> ACTIVITY
Please copy exactly the part of the records below that opens with the line containing "A beautiful dresser" and closes with the line containing "Wizsla Pulsera magnética", leaving out any pictures.

BEGIN ENTRIES SHOWN

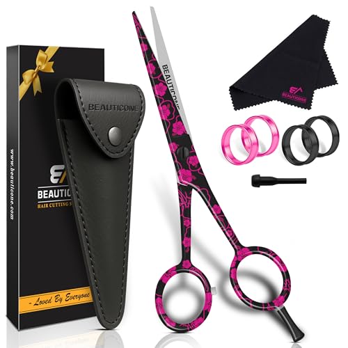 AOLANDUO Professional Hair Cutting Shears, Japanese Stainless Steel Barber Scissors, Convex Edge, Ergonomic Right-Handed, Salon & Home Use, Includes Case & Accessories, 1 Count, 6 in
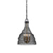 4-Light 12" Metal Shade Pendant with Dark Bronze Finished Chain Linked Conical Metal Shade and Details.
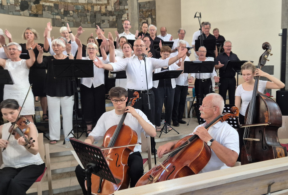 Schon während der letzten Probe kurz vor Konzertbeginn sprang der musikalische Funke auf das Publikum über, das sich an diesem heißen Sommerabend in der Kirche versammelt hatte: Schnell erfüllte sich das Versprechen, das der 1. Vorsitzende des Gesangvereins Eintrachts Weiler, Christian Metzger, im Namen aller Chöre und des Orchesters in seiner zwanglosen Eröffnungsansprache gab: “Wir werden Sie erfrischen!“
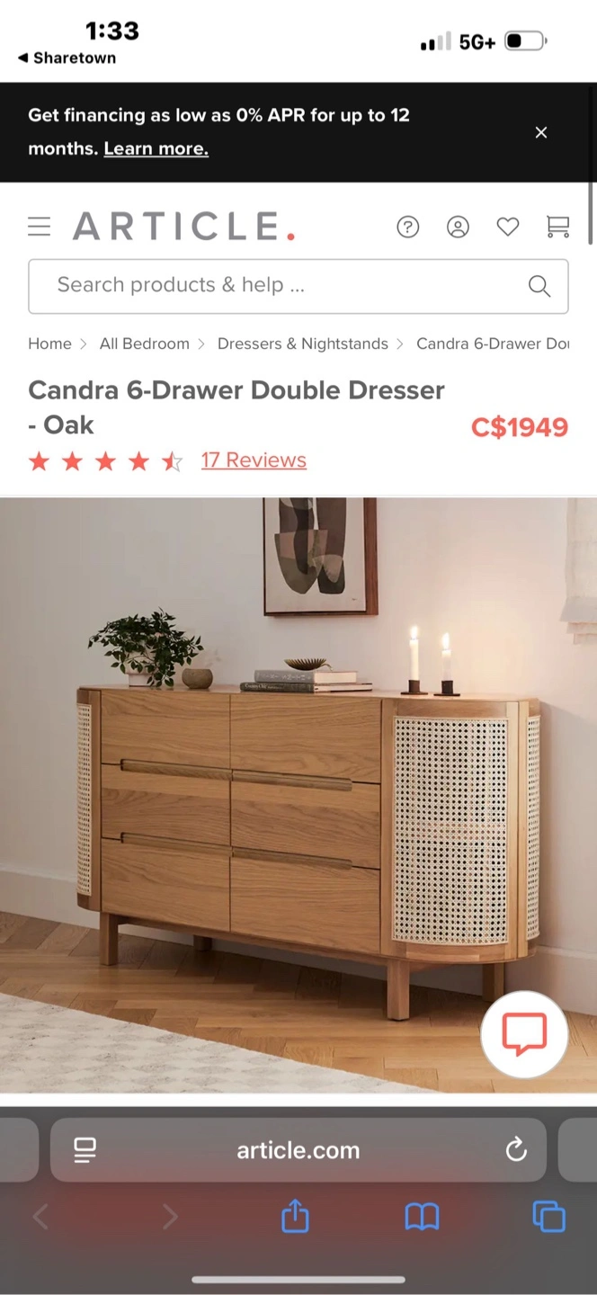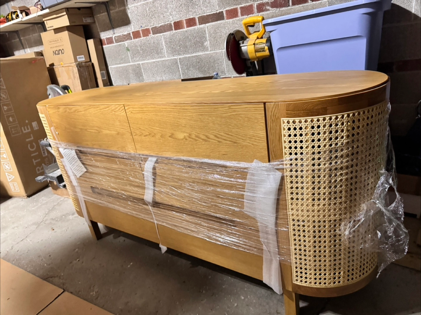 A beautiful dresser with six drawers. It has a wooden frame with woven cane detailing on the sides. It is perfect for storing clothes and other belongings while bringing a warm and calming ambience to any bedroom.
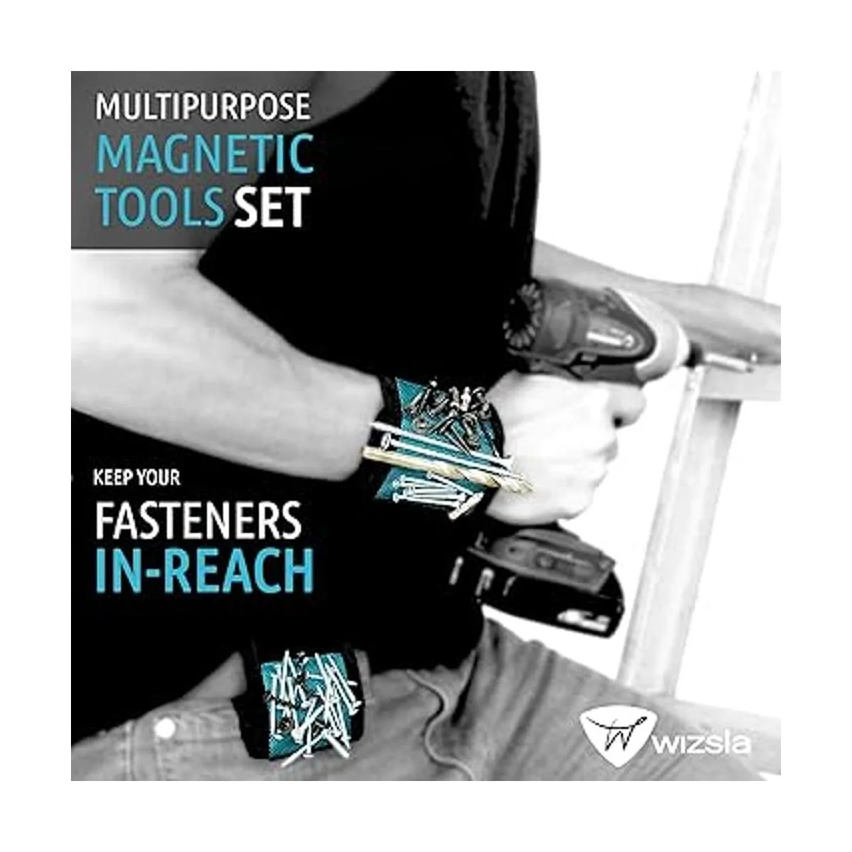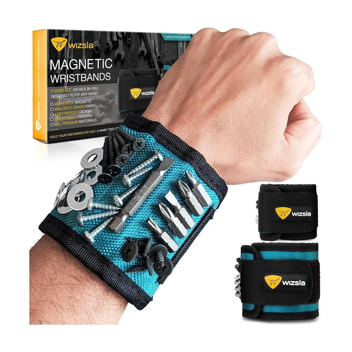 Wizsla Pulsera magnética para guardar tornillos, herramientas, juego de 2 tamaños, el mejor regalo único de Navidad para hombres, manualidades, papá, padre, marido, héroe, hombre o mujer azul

END ENTRIES SHOWN
BEGIN ENTRIES SHOWN

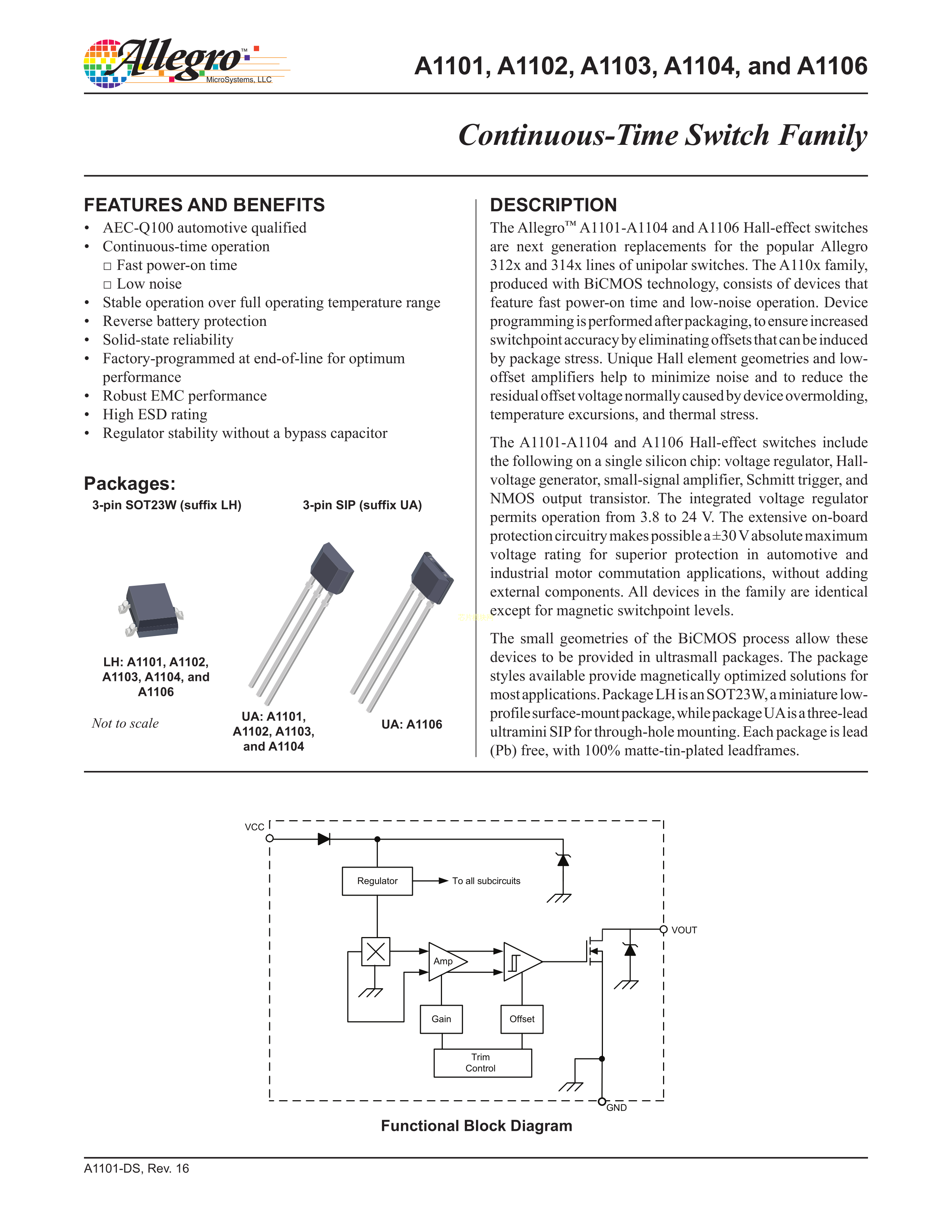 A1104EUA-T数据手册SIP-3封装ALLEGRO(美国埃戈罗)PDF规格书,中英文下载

END ENTRIES SHOWN

> ANSWER TO THIS PROBLEM
 A beautiful dresser with six drawers. It has a wooden frame with woven cane detailing on the sides. It is perfect for storing clothes and other belongings while bringing a warm and calming ambience to any bedroom.
 Wizsla Pulsera magnética para guardar tornillos, herramientas, juego de 2 tamaños, el mejor regalo único de Navidad para hombres, manualidades, papá, padre, marido, héroe, hombre o mujer azul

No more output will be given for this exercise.